Friday, January 26, 2007

Review: Heart-Shaped Box

I have such mixed feelings about horror fiction lately. At its core it sets out to mine the dark corners of our psyche, to bring those inner terrors to life on the page. When it's done well it not only scares the hell out of you it also digs into deeper meanings of character that explain why something scares us so much. Trouble is, most horror writers seemed bent on using cheap shock tactics or gross out tricks; it might read well the first time but it's not enough to hold up to serious thought or second readings.

Not so with Joe Hill and his first novel Heart Shaped Box.

Aging rock star Judas Coyne is a collector of bizarre and macabre artifacts: a used hangman's noose, a snuff film, rare books on witchcraft and anything and everything in-between. When he purchases a suit billed through an online auction as the haunted clothes of a recently deceased man, Coyne finds much more than he bargained for. Everywhere Coyne looks he sees the twisted spirit of an old and evil man following him, laughing at him and dangling a deadly razor on a chain.
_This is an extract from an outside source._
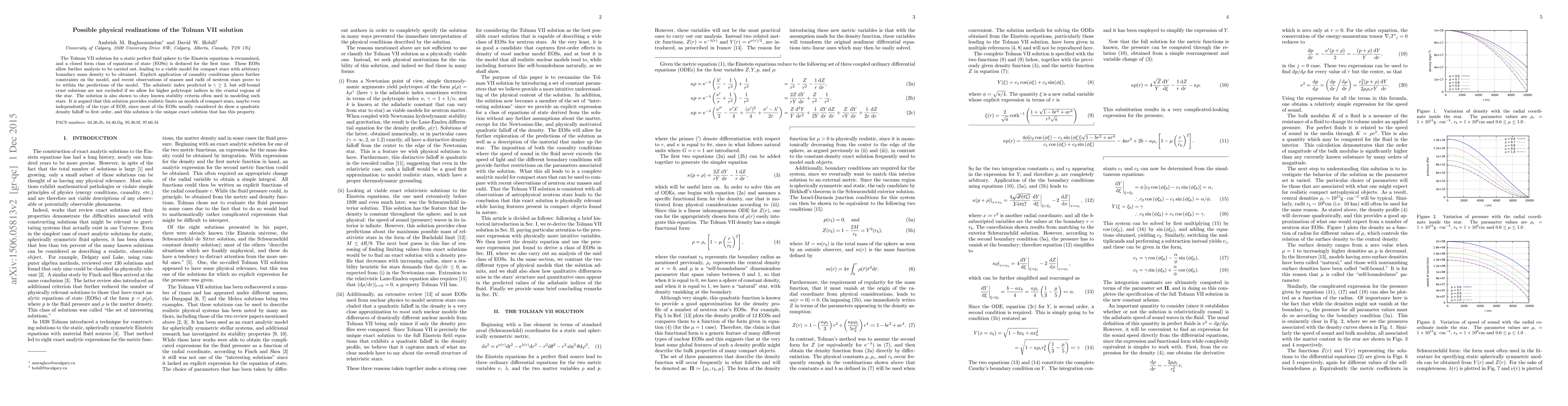 The Tolman VII solution (an exact static spherically symmetric perfect fluid solution) to the Einstein equations is reexamined, and a closed form equation of state (EOS) is deduced for the first time. This EOS allows further analysis leading to a viable model for compact stars to be obtained. Explicit application of causality conditions places further constraints on the model, and recent measurements of masses and radii of neutron stars prove to be within the predictions of the model. It is found that the adiabatic index ${\gamma} \geq 2$, and self-bound crust solutions are not excluded. The solution is also shown to obey known stability criteria. It is argued that this solution provides realistic limits on models of compact stars.
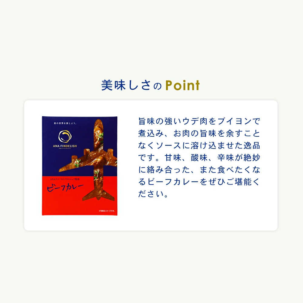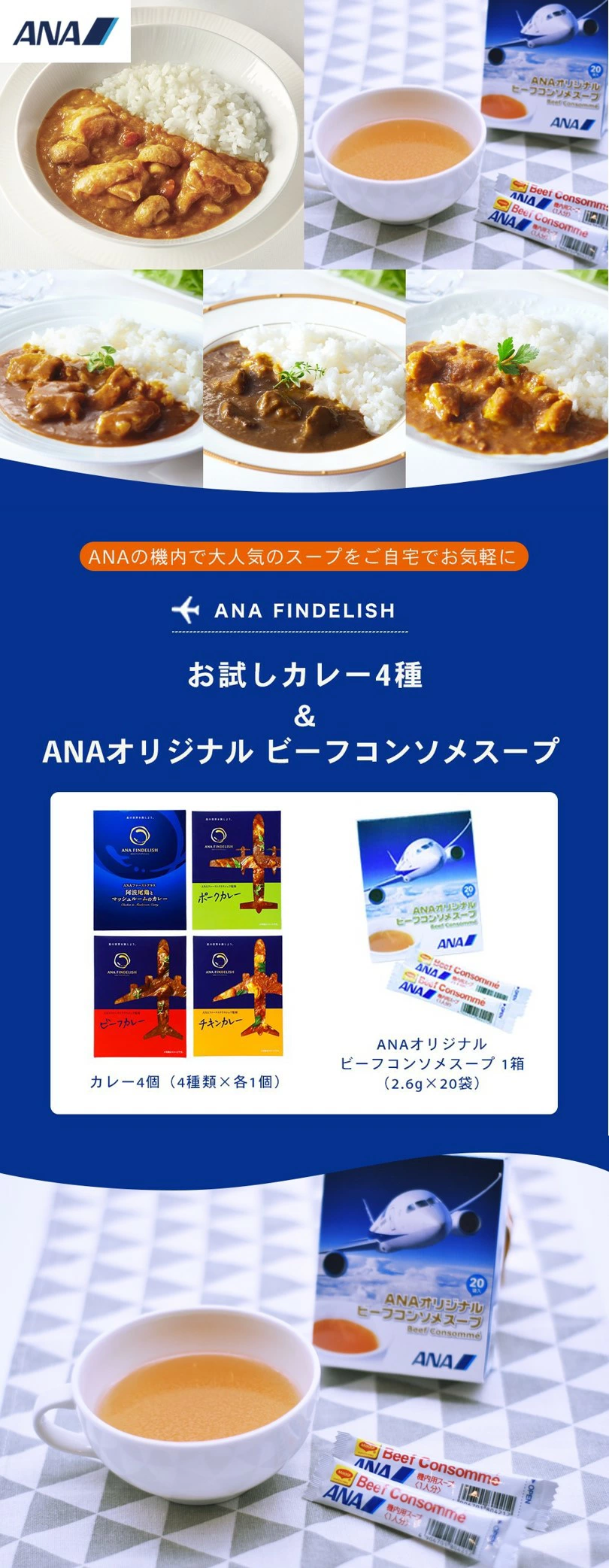 【ANA FINDELISH】 お試しカレー4種+ANAオリジナルビーフコンソメスープセット (カレー4種×1個ずつ、ビーフコンソメスープ1箱) 皆様からのお声にお応えして待望のANAオリジナルビーフコンソメスープの お取り扱いを開始いたしました! ANAならではのセットをお楽しみください。 ■内容量 ・阿波尾鶏とマッシュルームのカレー 1個 ・ANA FINDELISH ビーフカレー 1個 ・ANA FINDELISH チキンカレー 1個 ・ANA FINDELISH ポークカレー 1個 ・ANAオリジナルビーフコンソメスープ 1箱(2.6g×20袋)

Coyne soon learns the suit belonged to Craddock McDermott, the stepfather of a former lover who committed suicide shortly after Coyne tossed her out of his life. McDermott, a professional hypnotist prior to his death, swore on his deathbed to destroy Coyne's rock star life of self-indulgence to avenge the death of his step-daughter.

There are some really creepy moments in this novel, moments when things seem so out of control you don't know if Coyne will survive or end up as a soul damned by his own past. Hill has real a skill with the pyrotechnics of a horrifying ghost story, but he knows how to use it sparingly to really build suspense throughout the book. And like all good ghost stories, Hill also crafts a deftly plotted mystery as the true motivations and powers of McDermott unfold. As we learn more about the ghost of McDermott---and how ghosts work in Hill's universe---we also learn a lot about Coyne. We learn the truth behind his loose attitude towards women, about the love he holds for his dogs, and the hatred he holds for his own father. These are done not as simple character development but to show us pieces of Coyne that prove vital to his struggle against the spirit world.

I've never heard of Hill before, but he's got two Bram Stoker awards under his belt for his short fiction. I was first worried that Heart Shaped Box would be a quirky concept that didn't live up to its own ideas, but the depth of character hidden in the dark shadows of both Coyne and McDermott lift what could otherwise be a formula supernatural thriller to a fairly impressive and fun first novel.


1 comment:

John said...

I'm really looking forward to read this novel.

Perhaps you've never heard about Joe Hill before and it's because he's really Joe King, Stephen King's son.

Sounds like it's definitely worth it, according to your review. Sweet.